For the meatloaf, mix together the ground beef, almond flour, zucchini, carrot, egg, salt, pepper, onion and garlic granules until combined. Shape the meatloaf into a loaf shape on the parchment paper.
Lay the cut strips of bacon evenly over the top, and tuck the ends under. Brush the glaze over the bacon, and bake until the meatloaf is done in the center, 35-40 minutes, or until a thermometer reads 160ºF.
While the meatloaf is baking, prep the sweet potatoes by placing them on a parchment lined baking sheet. Then toss them together with the olive oil, garlic granules, and sea salt.
Next prep the green beans by placing them on a parchment lined baking sheet. Toss them together with the olive oil, garlic granules, and sea salt. Set both pans aside.
Remove the meatloaf from the oven and allow it to cool for at least 30 minutes before slicing it for meal prepping.
While the meatloaf is cooling, turn the oven up to 425ºF and roast the sweet potatoes until tender, 20-30 minutes.
Remove the sweet potatoes from the oven, and then place the green beans in. Turn the oven up to broil and cook until nicely browned, about 8-10 minutes.
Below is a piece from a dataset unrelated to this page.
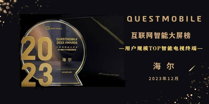 2023年12月22日,国内知名商业智能数据服务商QuestMobile2023年度趋势发布会在北京召开。峰会现场,主办方不仅邀请数百位行业大咖,全面剖析了中国移动互联网的发展前景,还发布了“2023年度中国移动互联网实力价值榜”。其中,海尔电视凭借影院级音画体验和“一屏控全家”的智慧场景,获得了互联网智能大屏TOP大奖,为用户持续创造高品质的智慧生活新体验。

Watch the green beans carefully when broiling as it doesn’t take long to go from browned to burned.
Let the sweet potatoes and green beans cool for 20 minutes or so before portioning everything out into 4 meal prep containers.
Refrigerate and eat within 4 days.
Notes
The cooking time seems long, but most of the time is fairly hands off where you can prep other things while this cooks.
- Prep Time: 30
- Cook Time: 1 hour
- Category: Meal Prep
- Method: Oven Baked
- Cuisine: American
What a neat recipe! Love how you enhanced the meat loaf with veggies! A nice, healthy spin on comfort food!
Where did you purchase your glass meal prep containers, and how much do they hold? I’ve been on the hunt for some good meal prep containers, but some of the reviews for a few I’m looking at mention they chip and the lids stop working so I’m stumped!
I got these meal prep containers at TJ Maxx, and I’m sorry I don’t even know what brand they are. They hold about 1 cup in the small side and 2 cups on the larger side. I’ve really liked having a thick glass container and haven’t had problems with chipping – have you tried Pyrex, I have some and they’ve been great! Also I had lots of problems with my lids until I stopped putting them in the dishwasher. Hope this helps, and I sure hope you get to enjoy this recipe sometime!